Para ulama Ahli Sunnah wal Jama’ah berpendapat bahwa
melakukan Taqiyah adalah hukumnya mubah(boleh) sesuai yang terdapat dalam
al-Quran dan as-Sunnah. Mubah disini dapat dikategorikan apabila dalam keadaan
terpaksa dan mengancam keselamatan jiwa. Seperti ketika menghadapi kaum
musrikin demi menjaga keselamatan jiwanya dari siksaan yang akan menimpanya,
atau dipaksa untuk kafir dan taqiyah ini merupakan pilihan terakhir karena
tidak ada jalan lain. Demikianlah doktrin taqiyah yang ditanamkan syiah kepada
para pengikutnya yang telah menyalahi dan menyimpang dari ajaran Allah yang
bersumber pada al-Qur’an dan as-Sunnah.
2.3.2 Kesesatan-kesesatan
Syiah
Di kalangan Syiah, terkenal klaim 12 Imam atau sering pula
disebut “Ahlul Bait” Rasulullah Muhammad saw; penganutnya mendakwa hanya
dirinya atau golongannya yang mencintai dan mengikuti Ahlul Bait. Klaim ini
tentu saja ampuh dalam mengelabui kaum Ahli Sunnah, yang dalam ajaran agamanya,
diperintahkan untuk mencintai dan menjungjung tinggi Ahlul Bait. Padahal para
imam Ahlul Bait berlepas diri dari tuduhan dan anggapan mereka. Tokoh-tokoh
Ahlul Bait (Alawiyyin) bahkan sangat gigih dalam memerangi faham Syi’ah,
seperti mantan Mufti Kerajaan Johor Bahru, Sayyid Alwi bin Thahir Al-Haddad,
dalam bukunya “Uqud Al-Almas.”
Adapun beberapa kesesatan Syiah yang
telah nyata adalah:
- Keyakinan bahwa Imam sesudah
Rasulullah saw. Adalah Ali bin Abi Thalib, sesuai dengan sabda Nabi saw.
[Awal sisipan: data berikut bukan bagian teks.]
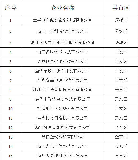 根據(jù)《金華市專利示范企業(yè)認(rèn)定與管理辦法》(金政發(fā)〔2004〕132號(hào),金政發(fā)〔2008〕70號(hào)修改)文件精神,在各縣(市、區(qū))科技管理部門推薦的基礎(chǔ)上,經(jīng)材料審查、專家評(píng)審,擬認(rèn)定金華市希能折疊桌制造有限公司等60家企業(yè)為2017年金華市專利示范企業(yè),現(xiàn)予公示,接受社會(huì)監(jiān)督,公示期從2017年11月16日至22日止。如有異議,請(qǐng)來人來電反映。

Karena itu para Khalifah dituduh merampok kepemimpinan dari tangan Ali bin
Abi Thalib r.a.
- Keyakinan bahwa Imam mereka
maksum (terjaga dari salah dan dosa).
- Keyakinan bahwa Ali bin Abi Thalib
dan para Imam yang telah wafat akan hidup kembali sebelum hari kiamat
untuk membalas dendam kepada lawan-lawannya, yaitu Abu Bakar, Umar,
Utsman, Aisyah dll.
- Keyakinan bahwa Ali bin Abi
Thalib dan para Imam mengetahui rahasia ghaib, baik yang lalu maupun yang
akan datang. Ini berarti sama dengan menuhankan Ali dan Imam.
5. Keyakinan
tentang ketuhanan Ali bin Abi Thalib yang dideklarasikan oleh para pengikut
Abdullah bin Saba’ dan akhirnya mereka dihukum bakar oleh Ali bin Abi Thalib
sendiri karena keyakinan tersebut.
- Keyakinan mengutamakan Ali bin
Abi Thalib atas Abu Bakar dan Umar bin Khatab. Padahal Ali sendiri
mengambil tindakan hukum cambuk 80 kali terhadap orang yang meyakini
kebohongan tersebut.
- Keyakinan mencaci maki ara sahabat
atau sebagian sahabat seperti Utsman bin Affan (lihat Dirasat fil Ahwaa’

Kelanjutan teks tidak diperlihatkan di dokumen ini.